October 23, 2012
Random Comics News Story Round-Up

* I kind of blew past a story last week about a student cartoonist being fired for a joke about a father telling his son about his violent end if he ever came out to him as gay.
The Beat picks up on it, and I probably should have spent some time with it, too. Humor's a bitch. I guess you could see the cartoon in question as obsidian-dark commentary lampooning a bigoted dad's excesses, but it's hard to get away with the ugly part of the humor no matter how you want to present that one. I guess I would go along with the "the cartoonist has the right to say that/the newspaper has a right to fire him" line of thinking. I'm not sure how it works that if if you think this is a firing offense the editors don't go, too. There are no really good answers here, though, only swift, decisive ones.

* Rob Clough on
Ralph Azham Vol. 1. Richard Pachter on
various comics. Jenna Sten on
The Infinite Wait.
*
this pulled quote is very interesting. I get the sentiment, and the branding of "nerd" is indeed one of the most horrible and depressing things to ooze from pop culture in the last 20 years. I'm the original critic of the modern comics community's Team Comics excesses, but I don't think that means an arts community isn't valuable or even necessary in a lot of ways. Or at least useful. I hope to write about this at some point, but I think the failures come less from the idea of an arts community as applied to comics, but what that means, particularly when it tries to encompass the omelet-style folding-in of commercial goals.
* I'm not saying anything that isn't obvious, but wouldn't it be cool if
Kate Beaton become linked to history and the study of history in a wider sense the way that, say, the
PvP guys are linked to gaming culture? And by cool, I mean cool for those of us that love history. That probably wouldn't be cool for Kate at all.

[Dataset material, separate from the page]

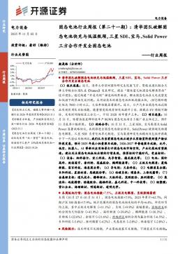 [电池]2025-11-02-开源证券-电力设备行业固态电池行业周报(第二十一期):清华团队破解固态电池快充与低温瓶颈,三星SDI、宝马、Solid Power三方合作开发全固态电池-11页(银创产业通www.chanyetong.net)

* Matt Maxwell tweeted over a link to
this collection of Vietnam-era helicopter nose art, a gallery that includes a few comics characters.
* I admire the decision explained
here to no longer accept comp. copies for the reason you're unable to put them to effective use. The only way comics ever stops being soaked in exploitation is a million such decisions, starting with your own circle of influence.
* finally, Drew Friedman shares
his personal collection of MAD-artist inscriptions.